Successful Thrombolytic Therapy With Recombinant Tissue Plasminogen Activator in Ischemic Stroke After Idarucizumab Administration for Reversal of Dabigatran

A Case Report

Toshiyuki Ohtani; Ryosuke Sintoku; Tasuku Yajima; Naoyuki Kaneko

Disclosures

J Med Case Reports. 2019;13(390) 

In This Article

Discussion

We report a case of a patient with acute lacunar stroke causing dysarthria and hemiparesis who was successfully treated by IVT therapy with rt-PA after reversal of dabigatran with idarucizumab.

DOACs have been increasingly used for stroke prevention in patients with NVAF. Dabigatran is one of the major DOACs acting as a direct thrombin inhibitor. Idarucizumab is a humanized monoclonal antibody fragment and is now available as the specific antidote that rapidly neutralizes the anticoagulant effect of dabigatran.[4] IVT therapy with rt-PA has been proposed after using idarucizumab in patients with acute ischemic stroke who are receiving dabigatran,[2,3] and a few articles have reported case studies and systematic reviews.[5–7] In a study that reviewed intravenous thrombolysis in stroke after dabigatran reversal with idarucizumab, 45 of 55 cases benefited from the treatment with a median NIHSS score improvement of 5, whereas unfavorable outcomes were observed in 6 patients (4 deaths, 2 patients with worsening of NIHSS scores, and 1 patient who developed another stroke 30 hours after the first IVT therapy).[7] In that review, in the available data of 37 patients, 56.76% of patients had grades 0–2 on the modified Rankin Scale at follow-up; hemorrhage extension occurred in 4 patients that ultimately resulted in 1 asymptomatic patient, 1 with severe disability, and 2 deaths. Thus, real-world data seem to indicate that this treatment is safe and effective.[7]

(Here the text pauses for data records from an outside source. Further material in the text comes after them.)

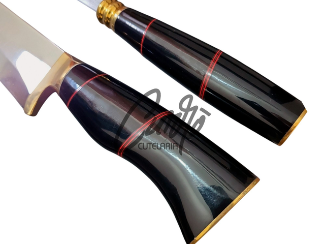 ✔ Faca e chaira em aço inox alemão de alta resistência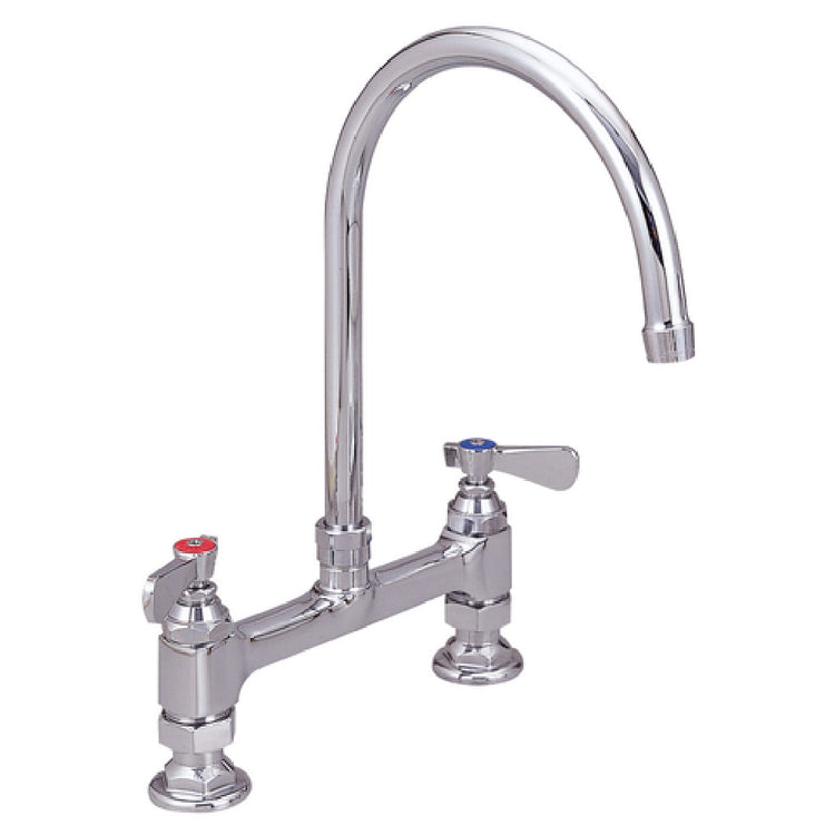 The BK Resources BKF8HD-8G-G OptiFlow™ Heavy Duty Faucet is a precision-engineered fixture designed for demanding environments that require robust and reliable water dispensing solutions. This deck mount faucet features an 8-inch on-center (OC) layout, accommodating a wide range of installation setups. Central to its design is the 8-inch gooseneck spout, which provides ample clearance and flexibility for various tasks, making it ideal for professional kitchens and industrial facilities. Enhanced with a double O-ring spout seal, this faucet minimizes leakage, ensuring long-lasting performance and durability. The inclusion of 1/4 turn ceramic cartridges enables smooth operation and precise control over water flow, distinguishing this model in terms of efficiency and user convenience. An integral check valve is incorporated to maintain system integrity and prevent backflow, further enhancing its reliability. Aesthetically, the faucet boasts a high polished chrome finish, offering both a sophisticated look and resistance to corrosion. Importantly, the BKF8HD-8G-G is lead-free, ensuring safety and compliance with health standards. It holds certifications from NSF, cCSAus, and ADA, affirming its adherence to high safety and accessibility standards. This faucet stands out as a premium choice for institutions prioritizing quality, safety, and efficiency in their water fixtures.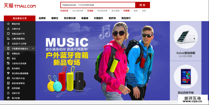 对于那些有目的的网购用户而言,天猫首页顶部的搜索框是最重要的入口。但是作为中国首选的B2C电商平台,天猫首页顶部左侧的产品分类目录每时每刻都有数以百万计的用户在点击、浏览、筛选。

During administration of IVT therapy with rt-PA after reversal of dabigatran with idarucizumab, the possibilities of adverse events such as thrombosis and hemorrhage and deterioration in clinical condition need to be borne in mind. Some reports have described thrombotic complications such as deep vein thrombosis,[5] pulmonary embolism,[5] acute arterial occlusion of the right lower limb,[8] recurrence of ischemic stroke,[7,9] and cerebral edema.[7,10] Furthermore, extension of hemorrhage may cause fatal outcomes.[11,12] A report suggested that elderly Asian patients with higher NIHSS scores might be more susceptible to extension of hemorrhage.[12] However, these reports are still preliminary, and there are no data from large-scale clinical trials.

Consideration also needs to be given to the fact that the studies with positive data are more easily published than those with negative data. Large-scale trials on IVT therapy with rt-PA after reversal of dabigatran with idarucizumab in acute ischemic stroke should be carried out with regard to unfavorable outcomes such as thrombotic events, hemorrhagic transformation, and mortality to further explore potential concerns regarding safety and efficacy of this treatment.

In our patient's case, the significantly prolonged aPTT at the initial blood examination was immediately normalized, and the IVT therapy could be continued upon confirming dramatic reduction of the aPTT just after initiation of the rt-PA infusion, even though we had planned to terminate the IVT therapy if the aPTT was still prolonged.[3] We emphasize that, though this IVT therapy was carried out in an Asian woman just before the end of the recommended time limit, it was performed safely and resulted in a satisfactory outcome. We believe that this case report provides useful information regarding patients with acute ischemic stroke, including those with lacunar infarcts who are receiving dabigatran.